AUBURN — The school district is working toward a plan to return all students to in-person instruction at least four days a week, but it likely won’t happen by Jan. 4.

The City Council last week passed a resolution asking the School Committee to allow students to return by that date.

Assistant Superintendent Michelle McClellan told the committee Wednesday night that the re-entry steering committee, which she chairs, has been looking at options for doing that in a safe way.

“We will continue after today,” McClellan said. “We will dive deeper into the options, balancing them with safety precautions, guidelines from the state with some adjustments.”

State guidelines call for mask-wearing and social distancing of at least 3 feet between each person in a room.

Because of the extra space needed, schools have been operating under a hybrid system of groups attending in-person classes twice a week and working remotely three days.


The system is designed to limit exposure to COVID-19, a deadly pandemic that is surging around the country. Maine hit another record high Wednesday with 551 new cases reported.

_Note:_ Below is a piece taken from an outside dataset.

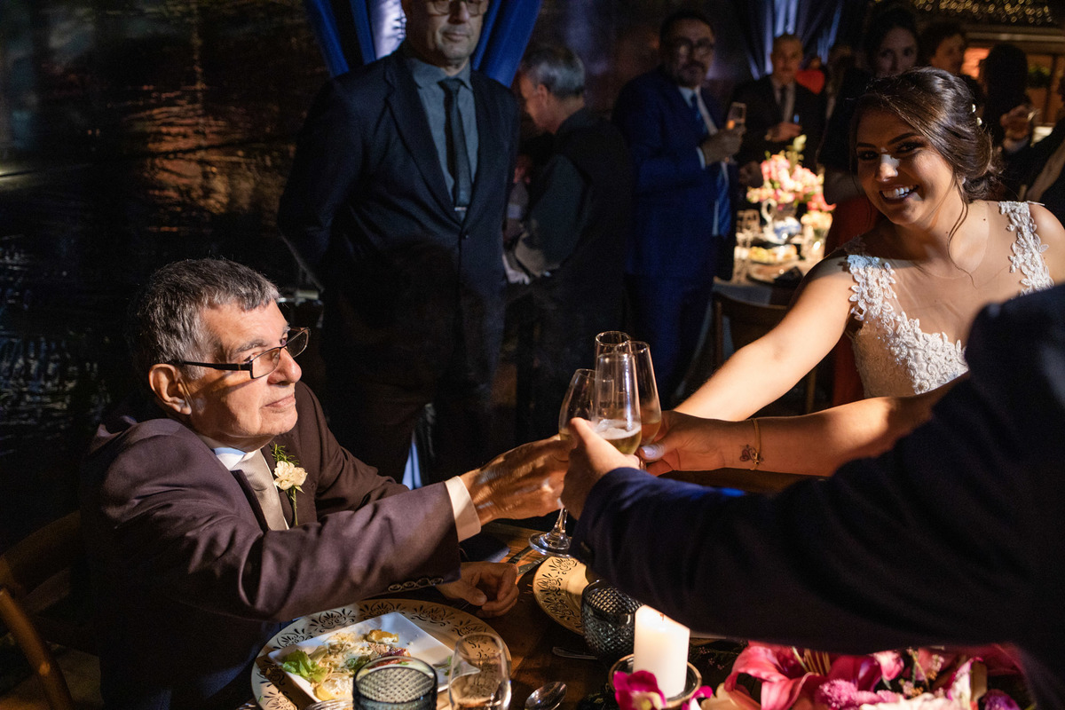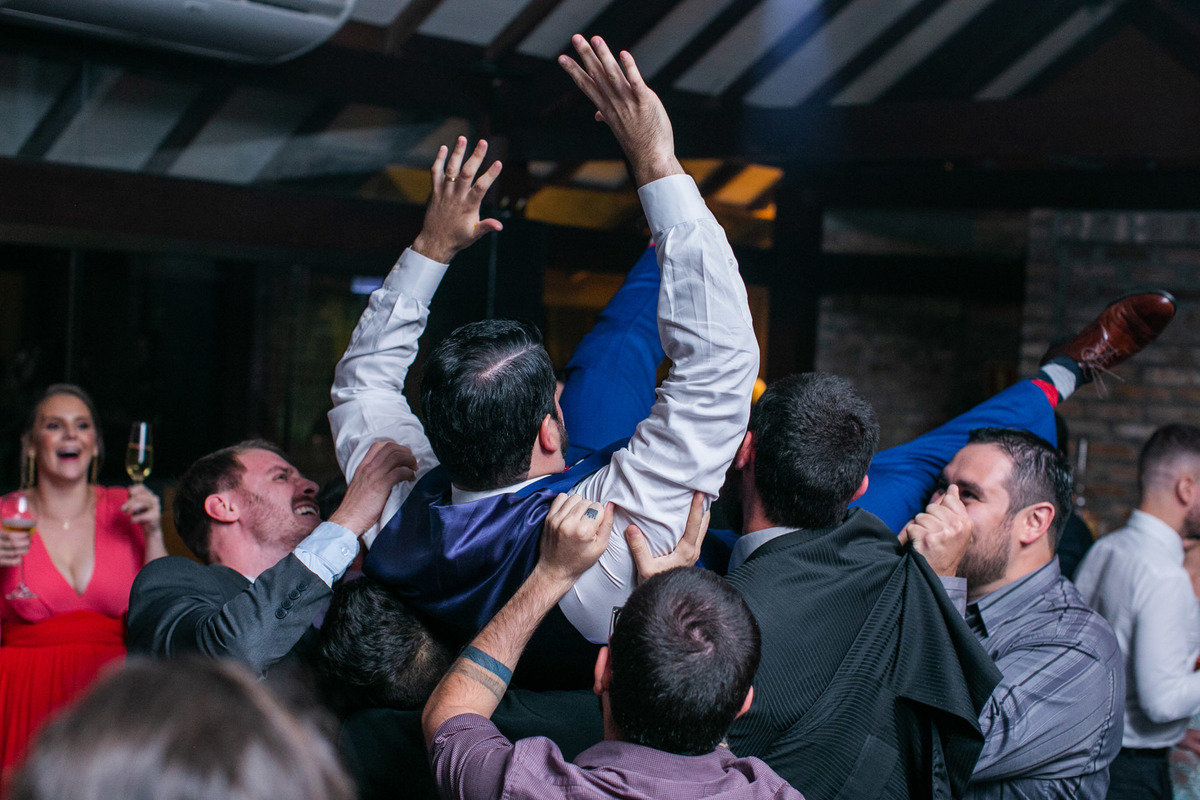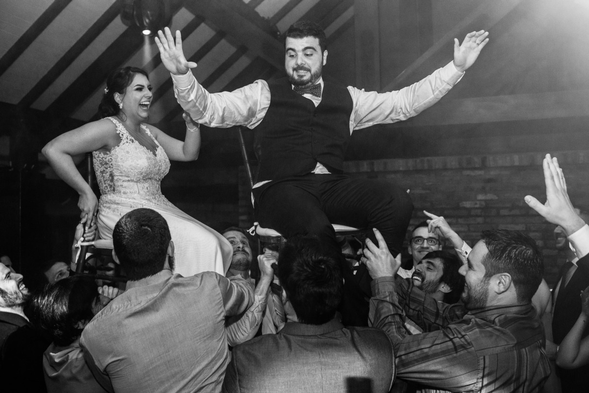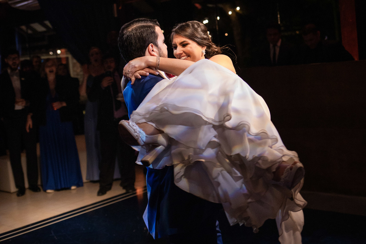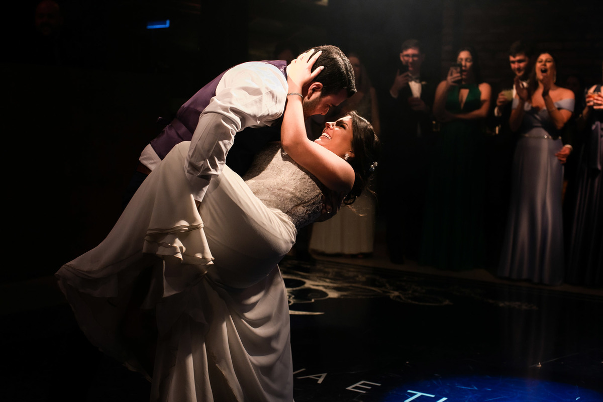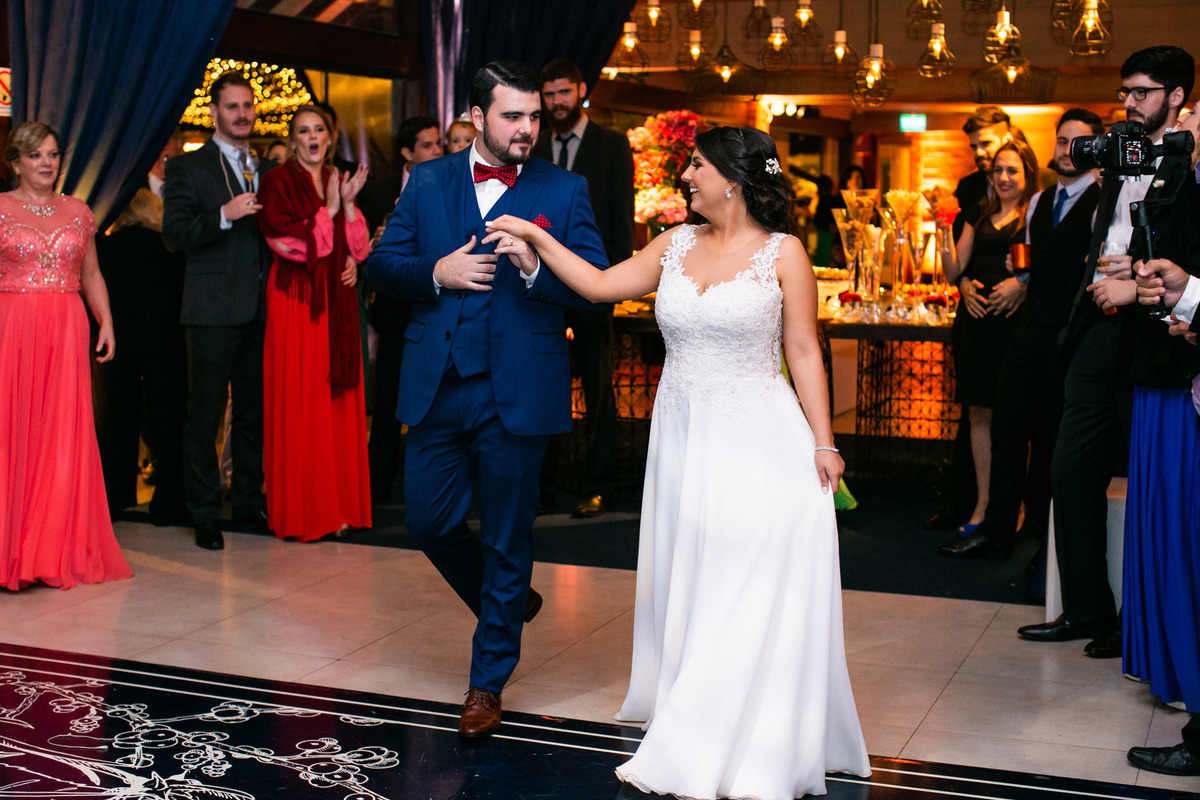 A festa foi super animada, que abriu com uma apresentação de dança dos noivos e depois a pista não parou mais.

Schools have been identified by health officials as relatively safe places, and a survey of Auburn parents and students showed that a majority of each wanted schools to fully reopen.

McClellan said that in light of “the community transmission right now,” the steering committee would make sure it could find a way to reopen safely.

“The goal is not if but when we come back and can increase student learning at a time when it is appropriate,” she said.

Brian Carrier, the City Council’s representative to the School Committee, said the council had wanted to know whether it would be possible to open schools for four-day instruction by Jan. 4. That is when the Christmas break ends.

“I told them that in practical terms, it probably would not happen, because there are so many moving parts,” Carrier said Wednesday night.


Parent Susan Simpson, whose husband, David Simpson, is vice chairman of the School Committee, told the committee she was disappointed that the district was not using its $1.9 million audiovisual system to teach lessons.

Superintendent Connie Brown said the systems are installed and teachers are using them. The Pro-AV technology allows remote students to participate in live classes on the days those students are not in class.

“My understanding is that we are at the tail end of implementation,” Brown said.

She said some teachers wanted more training. “In terms of universal use, we are not there yet.”

Susan Simpson also told the committee she believed administrators were not listening to parents and students who want to return to school full time.

“I’m not the only parent questioning why they are not in class,” she said. “It doesn’t make sense to me that our kids cannot be receiving five days a week of school.”